● Data records
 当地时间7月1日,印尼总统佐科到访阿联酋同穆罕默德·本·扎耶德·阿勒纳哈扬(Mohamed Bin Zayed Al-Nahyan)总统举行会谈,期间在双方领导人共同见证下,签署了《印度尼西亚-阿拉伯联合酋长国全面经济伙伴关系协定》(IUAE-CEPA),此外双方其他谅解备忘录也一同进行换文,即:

...

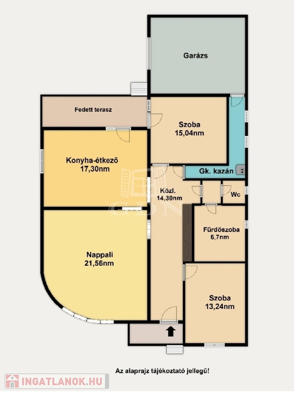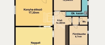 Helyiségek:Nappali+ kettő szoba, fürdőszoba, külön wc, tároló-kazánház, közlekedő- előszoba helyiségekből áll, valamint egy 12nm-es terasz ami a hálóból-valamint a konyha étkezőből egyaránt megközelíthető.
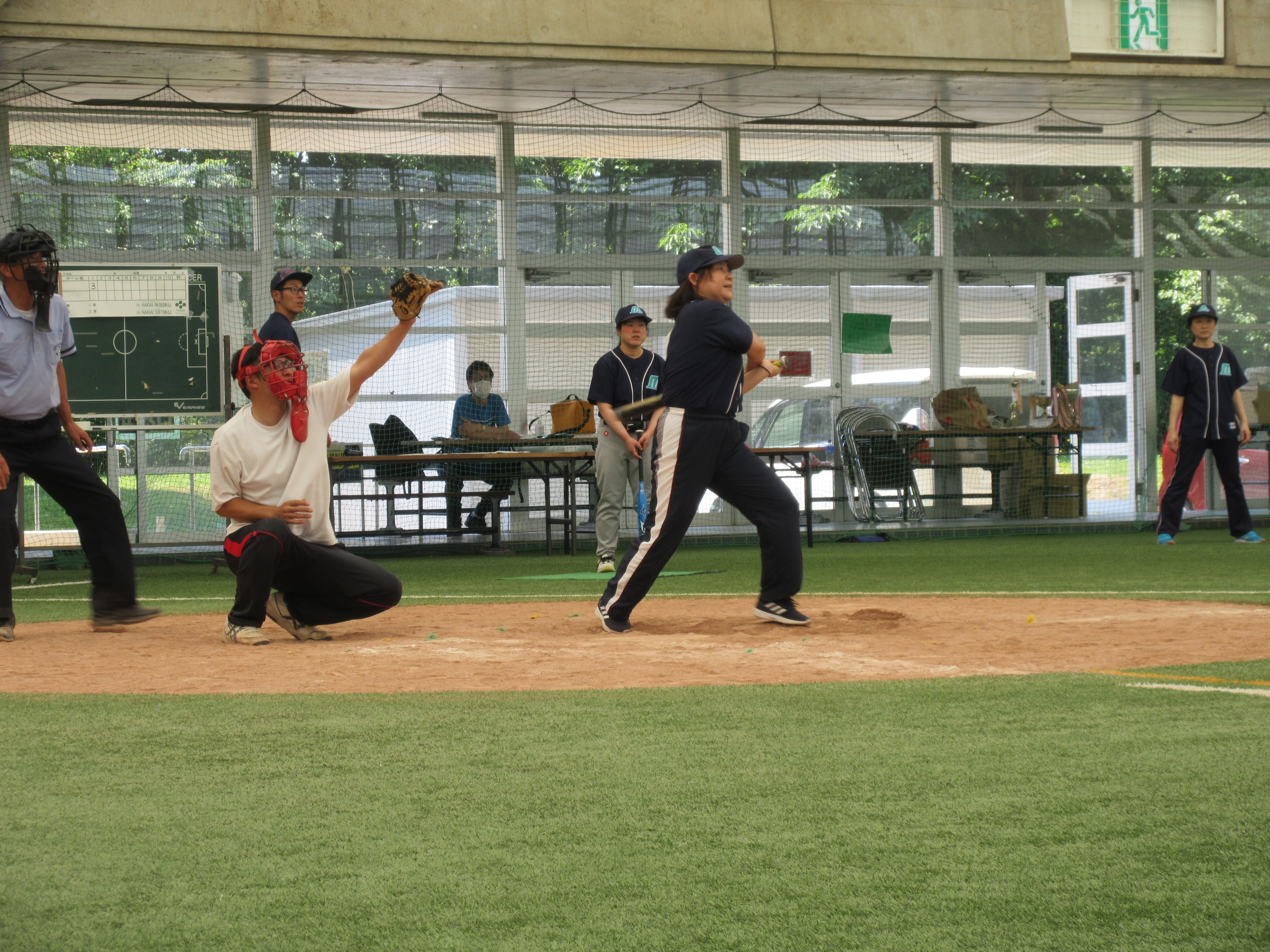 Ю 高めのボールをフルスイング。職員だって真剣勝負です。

* * *

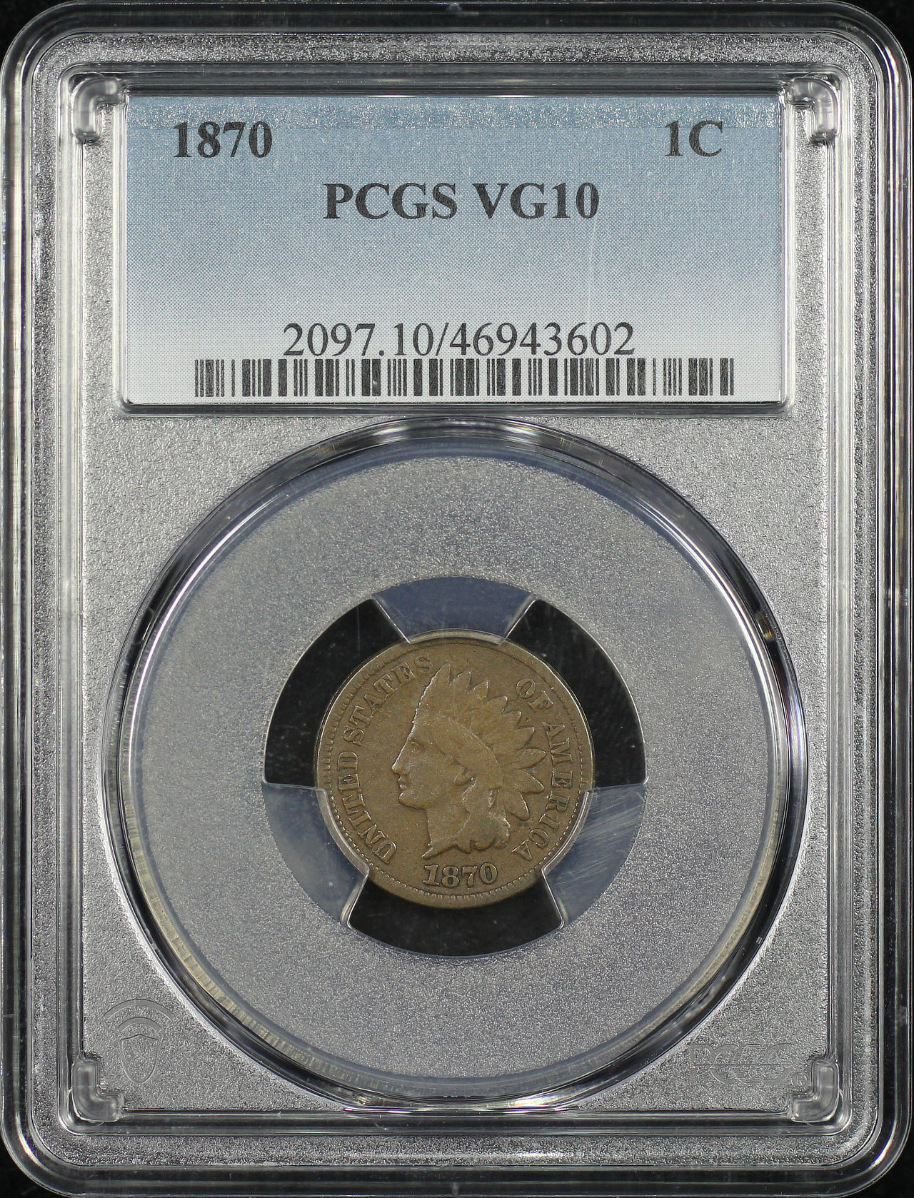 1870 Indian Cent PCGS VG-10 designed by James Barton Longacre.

● About this exercise
Within the listing above, find the line containing "Helyiségek:Nappali+ kettő szoba, fürdőszoba, külön" and the line containing "Ю 高めのボールをフルスイング。職員だって真剣勝負です。". Transcribe them and everything between them exactly, leaving out the pictures.

● Output
 Helyiségek:Nappali+ kettő szoba, fürdőszoba, külön wc, tároló-kazánház, közlekedő- előszoba helyiségekből áll, valamint egy 12nm-es terasz ami a hálóból-valamint a konyha étkezőből egyaránt megközelíthető.
 Ю 高めのボールをフルスイング。職員だって真剣勝負です。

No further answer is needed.